# Bone to pick with Trainworld's online ordering



## GN_Rocky (Jan 6, 2008)

Memories with bad dealings from my HO days with Trainworld return. 
I had placed 2 different orders online with Trainworld. The first one for Aristo Dbl. track portals went ok, but the second order for some MTH cars did NOT. 

First off, on their online ordering page(2) I saw the MTH 3 pack of the 4 bay GN hoppers and was thrilled I finally found them. They also showed the single cars. So I ordered a 3 pack and a single car. THen I got an E-mail back from them the next day that they were SOLD OUT of the 3 pak, but they did have the single cars. So I said I'll take 6 if you have them. Again another E-mail sayi ng that they only have 2 cars and did I want anything else. I said I'll take a GN flat car with logs. Yet again, another responce. We are out of the flatcars, do you want the 2 GN hoppers ??? I replied - yes. Now I get a call from them saying that they only have ONE GN hopper. I asked why did they say 2 in the E-mail ??? I asked if somehow they had sold one of them out from under me, they couldn't answer. I am VERY disappointed







And after this, I will NEVER deal with them again !!! So my search for the MTH 70-70022 3 pack of GN 4 bay hoppers continues







I don't know if I'll ever find them. I'd pay good $$$ to find them to add to my collection and I can alway use more of the 70-75026 single 4 bay GN hoppers as well. It takes sooo many to make a unit train and I don't have the patience to sit and decal out cars that A) have the letters strung out across the whole car body between rib. and B) cars that in 1/32 really are not the correct size for our 1/29th world. 

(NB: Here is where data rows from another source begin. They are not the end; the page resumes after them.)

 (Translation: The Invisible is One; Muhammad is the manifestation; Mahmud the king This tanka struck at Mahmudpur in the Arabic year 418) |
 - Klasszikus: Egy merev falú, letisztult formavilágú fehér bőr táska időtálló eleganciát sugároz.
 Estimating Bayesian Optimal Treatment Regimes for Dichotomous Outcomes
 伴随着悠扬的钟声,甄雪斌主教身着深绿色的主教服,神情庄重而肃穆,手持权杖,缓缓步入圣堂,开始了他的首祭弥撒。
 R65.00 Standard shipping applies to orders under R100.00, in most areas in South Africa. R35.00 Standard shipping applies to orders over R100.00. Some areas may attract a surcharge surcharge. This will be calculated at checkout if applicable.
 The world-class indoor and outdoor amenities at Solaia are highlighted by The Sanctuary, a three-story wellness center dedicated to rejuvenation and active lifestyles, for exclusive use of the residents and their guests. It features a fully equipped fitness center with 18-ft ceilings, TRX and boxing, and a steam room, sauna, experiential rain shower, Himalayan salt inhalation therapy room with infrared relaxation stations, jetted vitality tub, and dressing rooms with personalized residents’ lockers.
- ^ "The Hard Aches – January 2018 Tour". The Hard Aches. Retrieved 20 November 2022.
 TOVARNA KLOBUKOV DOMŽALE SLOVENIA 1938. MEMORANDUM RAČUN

But I just wanted to rant about the bad service I have had with Trainworld's on-line ordering.

Rocky


----------



## krs (Feb 29, 2008)

Rocky - 

Didn't Trainworld take phone orders at that time? 

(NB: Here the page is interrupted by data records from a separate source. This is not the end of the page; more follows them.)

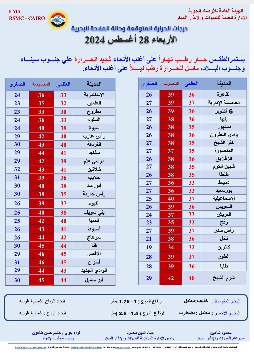 فيما يسود اليوم طقس حار رطب في فترة النهار على أغلب المحافظات، وشديد الحرارة على جنوب سيناء وجنوب البلاد ومائل للحرارة رطب في فترات الليل.
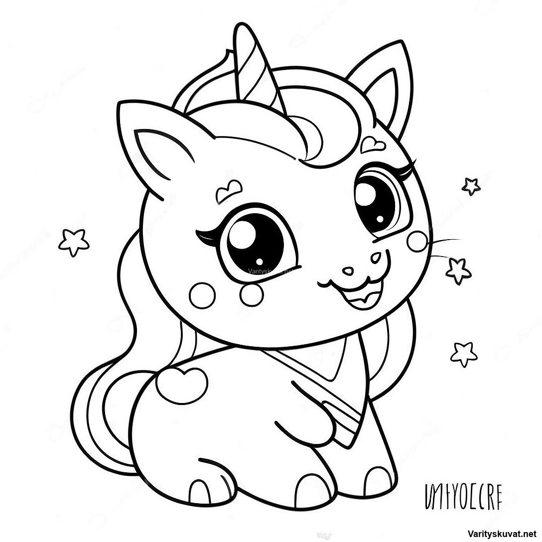 Lataa tulostettava PDF Söpö Yksisarvinen Kissa Kimalluksilla
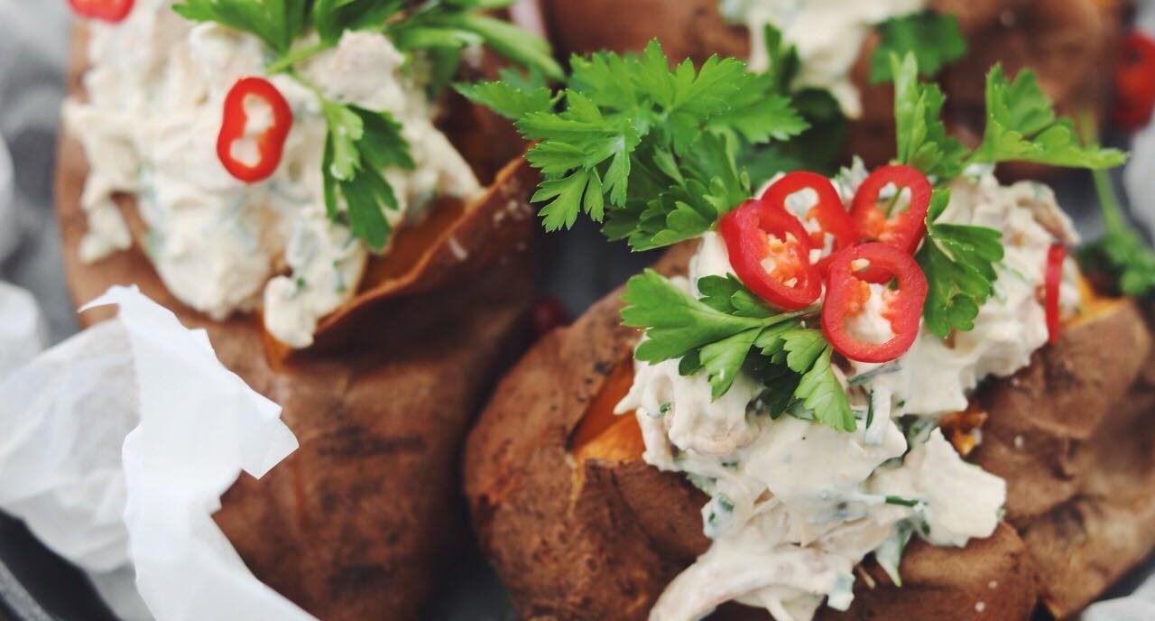 Bagte søde kartofler med kyllingefyld, som man også kan kalde “loaded potatoes”, er en super dejlig og nem ret. Jeg har brugt søde kartofler, men almindelige kartofler kan også sagtens anvendes. Fyldet er en lækker creme fraiche dressing med marineret kylling og urter. Sådan en stor sød kartoffel mætter ret meget, men server gerne en frisk salat til. Jeg har i øvrigt plukket både persille og purløg i min urtehave, ret så hyggeligt, at det allerede titter frem. Rigtig god fornøjelse og god fredag!

I used to order some G-Scale items from them years ago and the order process via phone from Canada went like this: 

Ring, Ring.... 
Trainworld, phone number please (struck me as an odd question first time around) 
Me: 613-xxx-xxxx 
They: are you xxxx, still at this adress and they would rattle it off 
Me: Yes 
They: Order number? 
Me: LGB xxxxx 
They: next.... 
Me; That's all 
They: OK to charge it to the credit card on file 
Me: Yes 
They: Thank-you for your business. 

That whole process took less than a minute - very impersonal but efficient. 
If they didn't have what I wanted or not the whole quantity, I would know right away - none of this email correspondence back and forth. 

Knut


----------



## eheading (Jan 5, 2008)

I've had the same experience with Trainworld as Knut has had, Rocky. I do my "shopping" on the internet, but when I'm ready to purchase, from any of the dealers I deal with, I do it on the phone. If they have what you want the next time, try the phone before writing them off totally. I certainly understand your frustration. 

Ed


----------



## San Juan (Jan 3, 2008)

Trainworld rarely updates their online catalog. So I don't order anything from them online.


Any order with them almost has to be done on phone. That's the only way to be sure what you want is in stock.


----------